Several excavation campaigns, starting from the 1980s, have brought to light finds that are now collected in the Archaeological Museum, in the seventeenth-century setting of Palazzo Toffoli. The inhabitants of Montereale, thanks above all to the interest of Aldo Colonnello, teacher and librarian, the Menocchio Cultural Circle and the Chei del Talpa group, have followed with participation and amazement the discovery and study of elements of the past by the Superintendence for Archaeological Heritage of Friuli Venezia Giulia. The Archaeological Museum was opened in 2011.
The remains of the oldest village (14th – 12th century B.C.) have been found on the slopes and on the Colle di Grizzo, Monte Spia and Colle del Castello. From these heights, the entrance to the Valcellina, the ford and the plain can be seen.
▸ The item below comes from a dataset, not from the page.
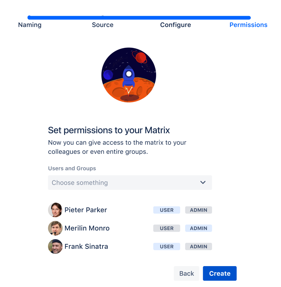 Click “Create matrix" or Click “Select existing" to select a matrix already created for you
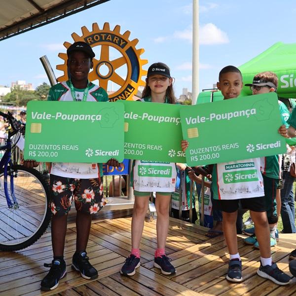 A Sicredi Progresso também premiou por sorteio, com três vales-poupança de R$ 200,00 para incentivar a educação financeira, três crianças participantes da Meia Maratoninha, cujos ganhadores foram: Laura dos Santos Dick, Vinicius Miguel da Silva e Eslandjy Jean.

In the following centuries, thanks to its strategic position along the piedmont route of passage and trade, the centre experienced periods of great prosperity. The climax was the 5th century B.C., when Etruscan influences from the Po Valley arrived. The ‘House of the dolii’ represents the complexity of several buildings of the period, developed on two levels, one of which is underground. The dolii are the earthenware pots found in this house and containing clues that allow us to reconstruct aspects of everyday life at the time.
Even in the first centuries of Romanisation, the 2nd and 1st centuries BC, the settlement on the slopes along the right bank of the Cellina retained its importance as a place of transit. It is perhaps here that Pliny the Elder in his Naturalis Historia places the mythical Caelina, a flourishing town that had already disappeared at the time the Latin author wrote. The location is not certain, but the assonance with the Cellina river makes one think of today’s Montereale.
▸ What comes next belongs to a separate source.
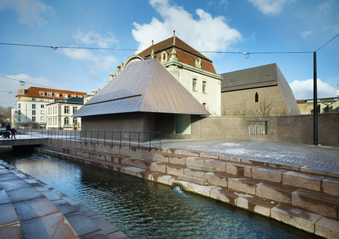 流经科尔马老城区的辛恩运河已经重新开放,成为这个新公共空间的核心元素。靠近水边的一座小房了标志着博物馆在广场上的存在:它的位置,体积和形状是曾经嘉立在那里的磨坊。两扇窗户允许路人向下看连接两个建筑群的地下画廊。

With the foundation of Iulia Concordia, towards the middle of the 1st century B.C., the axis of traffic shifted and left the territory of Montereale in a decentralised position. In the Middle Ages, the Lombards arrived, traces of whom remain in the tombs with bone combs and small knives. Between the 11th and 12th centuries, the piedmont road regained importance. Castles and spaces enclosed by walls were built to demarcate the properties of the feudal lords. The Castle on the Hill was built during this period and has also been the subject of archaeological excavations.